**ASSIGNMENT:** There should be no pictures in your answer, only an exact copy of the lines from the one with "活动的最后食品系同学们参观了" through the end of the material.

**INFORMATION SHOWN:**

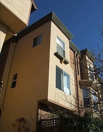 Elegant two bedroom, two and a half bath townhouse in Uptown San Rafael. Private and quiet self-contained community just a few blocks from cafes, restaurants, and the San Rafeal Theater. END UNIT for extra windows and extra light. SOUTH-FACING for all year sun. Built in 2003 on three levels: Main level has a south-facing living room looking out to the Mission San Rafael, and the hills beyond. Hardwood floors, fireplace, large open kitchen in sparkling white with granite counters, a formal dining room, and a half bath. Top level has two sunny bedrooms and two full baths. Crown molding and carpeted. Entry level has a two-car tandem garage, a laundry area and a bonus room with sliding glass doors to a patio. Perfect for an office, exercise room, or play room. This complex of 13 townhouses is unique in San Rafael. There is nothing else that is new, this well built and maintained, sophisticated, and in a perfect location for city living. And , the monthly homeowner's dues are only $188.
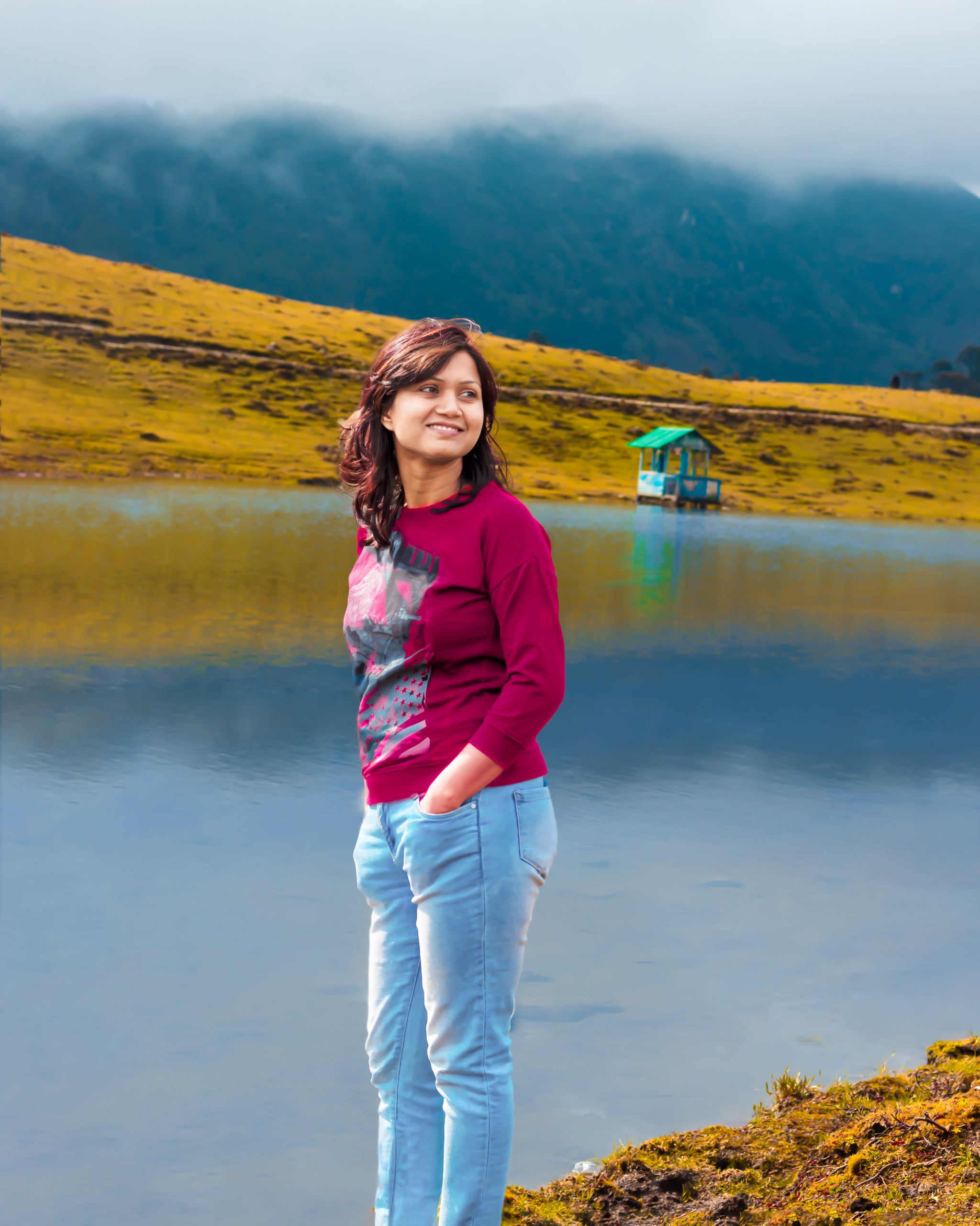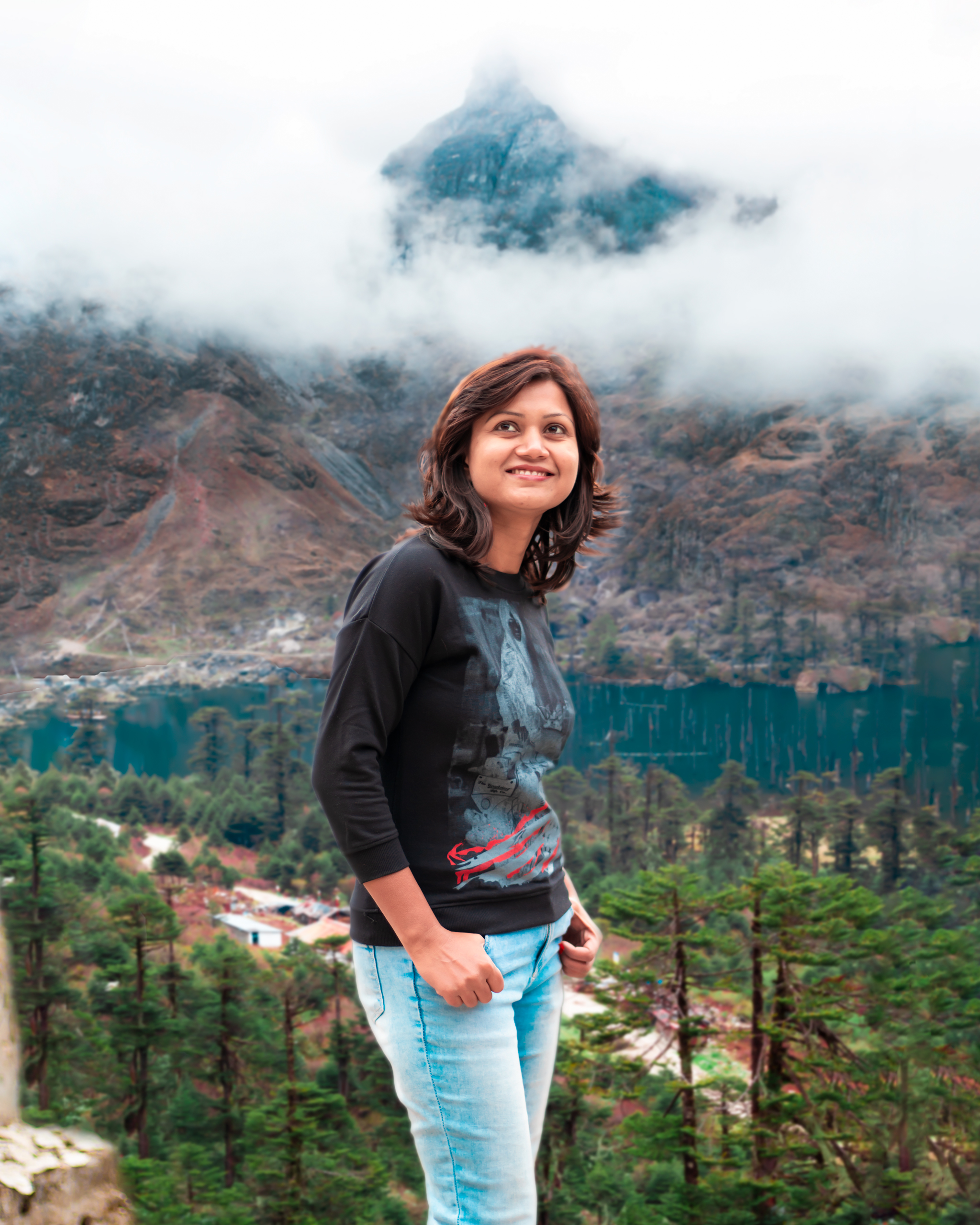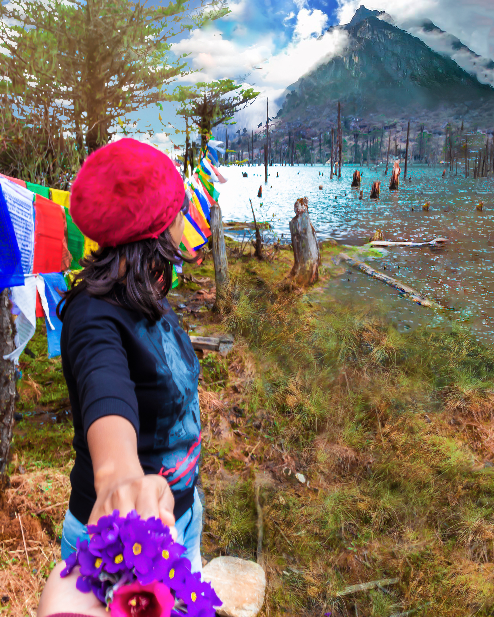 Sangetsar lake and its backdrop look completely different every two months. Purple & Blue Rhododendrons were covering the mountain base on the way to this lake, just to welcome me, cough! Plucked few for the photoshoot. According to what the locals have to say, initially the lake was approximately 1 km away from its current spot but during the earthquake, a shift in tectonic plate caused the move of the lake to its current location. It submerged a great part of a pine forest too and if you visit the beautiful lake, you will see tree trunks of pine tree pop out of the lake which makes it a unique, offbeat picturesque travel destination. Well, do you remember the song Tanhai Tanhai from ShahRukh and Madhuri Dixit starred Koyla?
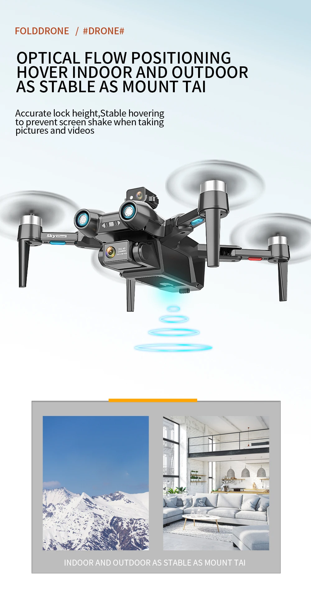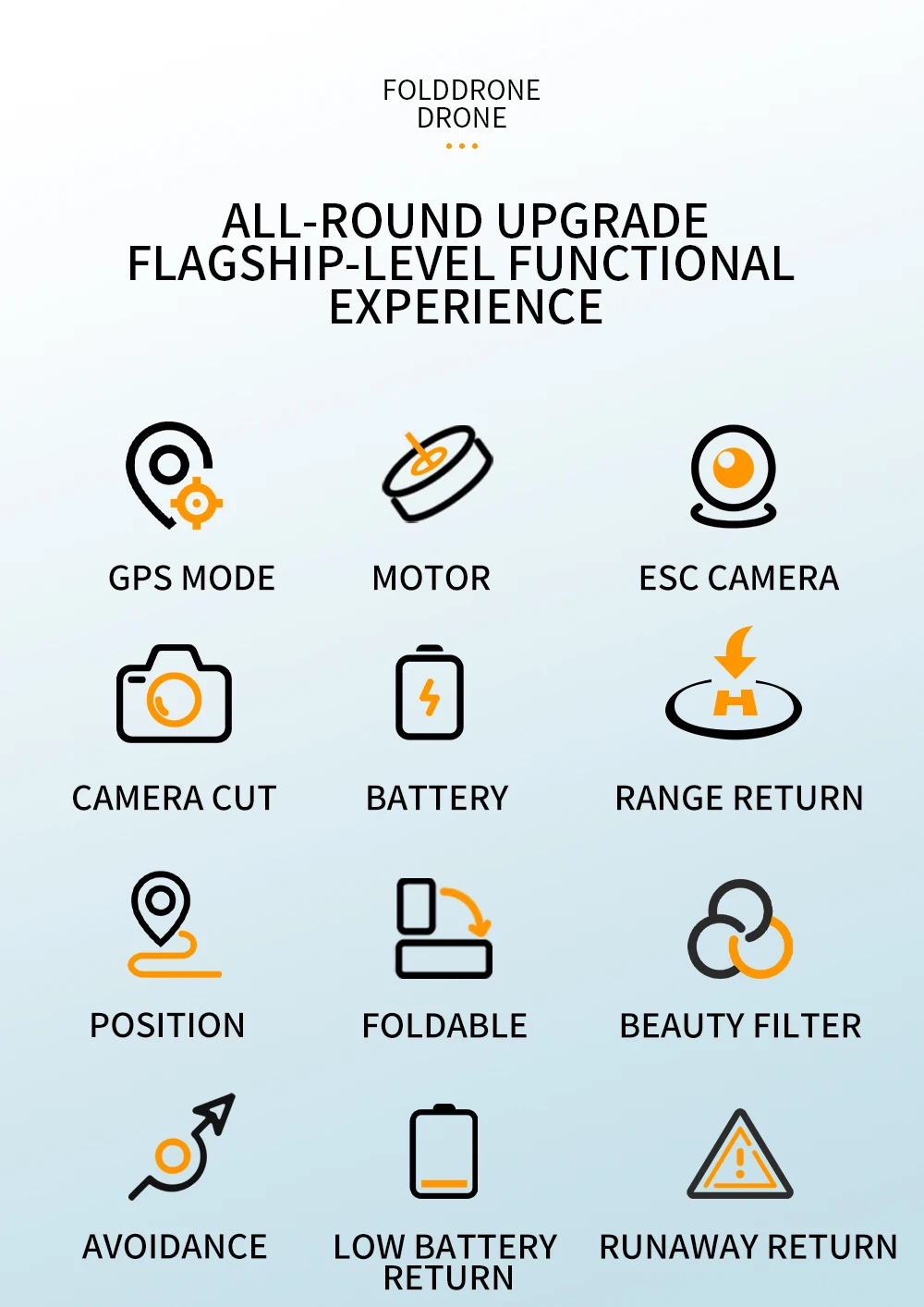 Headless mode, Altitude Hold Mode, 3D View Mode, With Camera, With LED lights, with G-sensor, 3D flip, One Key Takeoff / Landing, APP Control, Voice control, With Remote Control, Foldable
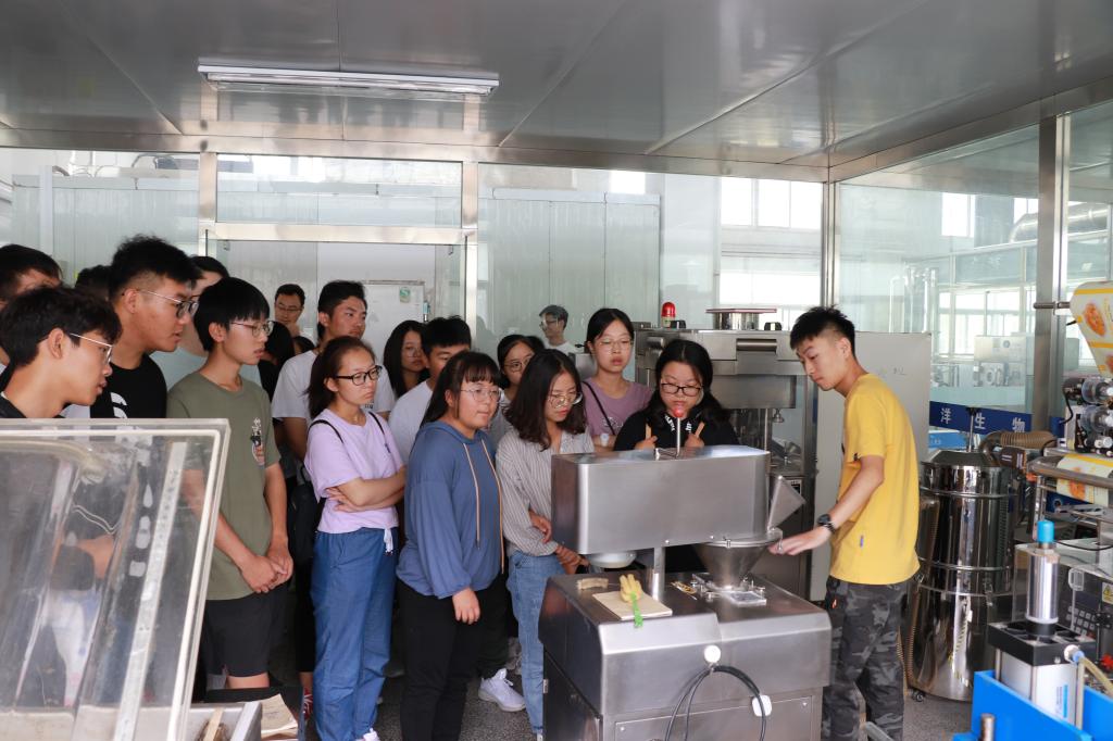活动的最后食品系同学们参观了食品车间,18级研究生周振详细地从原料选择、配料比例调和、压制成型再到烘焙、质检、包装的工艺制作流程等方面进行讲解,让同学们初步了解到食品加工的专业学习,开阔了眼界,为今后更加深入学习食品加工专业打下基础。
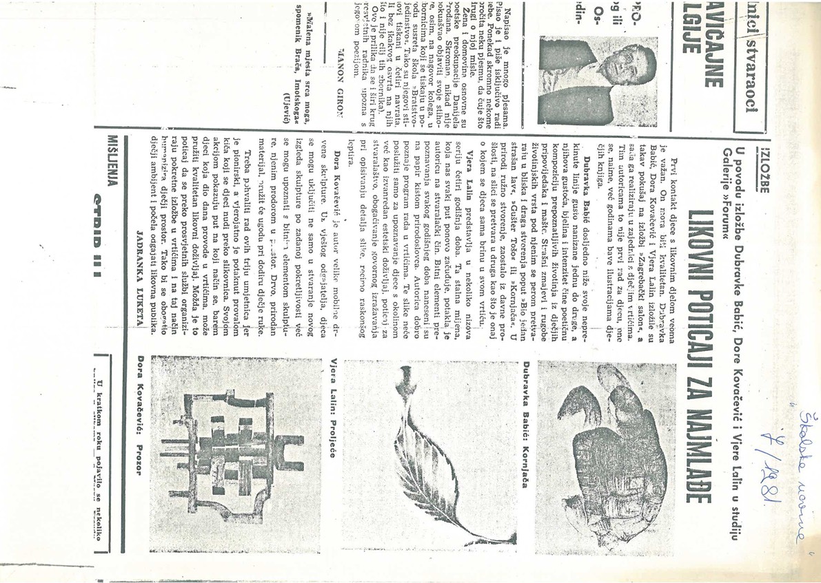 3 IZLOŽBE DORE KOVAČEVIĆ, DUBRAVKE BABIĆ I VJERE LALIN, Grupna izložba, Galerija Forum siječanj 1981.

**SOLUTION TO THIS EXERCISE:**
活动的最后食品系同学们参观了食品车间,18级研究生周振详细地从原料选择、配料比例调和、压制成型再到烘焙、质检、包装的工艺制作流程等方面进行讲解,让同学们初步了解到食品加工的专业学习,开阔了眼界,为今后更加深入学习食品加工专业打下基础。
 3 IZLOŽBE DORE KOVAČEVIĆ, DUBRAVKE BABIĆ I VJERE LALIN, Grupna izložba, Galerija Forum siječanj 1981.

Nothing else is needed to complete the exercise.